(WHAT IS EXPECTED)
Using the records below, write out only the lines from the line containing "De 6-delige Handson-precisieschroevendraaierset" up to and including the line containing "The Reliquiae Sacrae", exactly, with no pictures.

(PROVIDED ENTRIES)
......

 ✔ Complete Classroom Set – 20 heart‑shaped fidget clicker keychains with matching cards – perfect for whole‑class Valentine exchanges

......

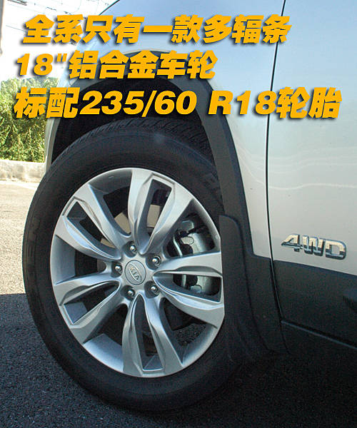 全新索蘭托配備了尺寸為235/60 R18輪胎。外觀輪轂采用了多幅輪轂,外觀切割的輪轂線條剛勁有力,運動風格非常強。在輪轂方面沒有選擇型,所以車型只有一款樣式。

......

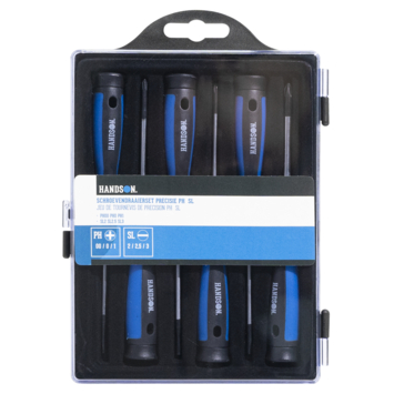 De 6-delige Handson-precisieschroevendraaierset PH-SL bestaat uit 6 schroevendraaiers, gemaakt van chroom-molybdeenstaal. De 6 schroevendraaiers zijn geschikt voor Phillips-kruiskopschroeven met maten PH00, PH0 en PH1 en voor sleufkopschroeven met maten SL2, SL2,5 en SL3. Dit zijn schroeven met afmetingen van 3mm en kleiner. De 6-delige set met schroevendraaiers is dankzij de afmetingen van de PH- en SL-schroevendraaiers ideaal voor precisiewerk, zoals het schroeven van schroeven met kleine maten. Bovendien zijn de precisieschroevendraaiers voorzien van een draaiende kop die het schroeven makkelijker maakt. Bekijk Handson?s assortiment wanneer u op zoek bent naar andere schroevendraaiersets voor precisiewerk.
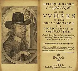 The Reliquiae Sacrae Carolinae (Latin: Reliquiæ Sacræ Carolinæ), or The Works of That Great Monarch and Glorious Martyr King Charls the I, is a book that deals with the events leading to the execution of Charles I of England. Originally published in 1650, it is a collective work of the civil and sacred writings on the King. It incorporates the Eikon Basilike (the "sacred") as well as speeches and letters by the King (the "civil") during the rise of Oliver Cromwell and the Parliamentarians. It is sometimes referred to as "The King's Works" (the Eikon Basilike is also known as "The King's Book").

......

(RESULT BELOW)
 De 6-delige Handson-precisieschroevendraaierset PH-SL bestaat uit 6 schroevendraaiers, gemaakt van chroom-molybdeenstaal. De 6 schroevendraaiers zijn geschikt voor Phillips-kruiskopschroeven met maten PH00, PH0 en PH1 en voor sleufkopschroeven met maten SL2, SL2,5 en SL3. Dit zijn schroeven met afmetingen van 3mm en kleiner. De 6-delige set met schroevendraaiers is dankzij de afmetingen van de PH- en SL-schroevendraaiers ideaal voor precisiewerk, zoals het schroeven van schroeven met kleine maten. Bovendien zijn de precisieschroevendraaiers voorzien van een draaiende kop die het schroeven makkelijker maakt. Bekijk Handson?s assortiment wanneer u op zoek bent naar andere schroevendraaiersets voor precisiewerk.
 The Reliquiae Sacrae Carolinae (Latin: Reliquiæ Sacræ Carolinæ), or The Works of That Great Monarch and Glorious Martyr King Charls the I, is a book that deals with the events leading to the execution of Charles I of England. Originally published in 1650, it is a collective work of the civil and sacred writings on the King. It incorporates the Eikon Basilike (the "sacred") as well as speeches and letters by the King (the "civil") during the rise of Oliver Cromwell and the Parliamentarians. It is sometimes referred to as "The King's Works" (the Eikon Basilike is also known as "The King's Book").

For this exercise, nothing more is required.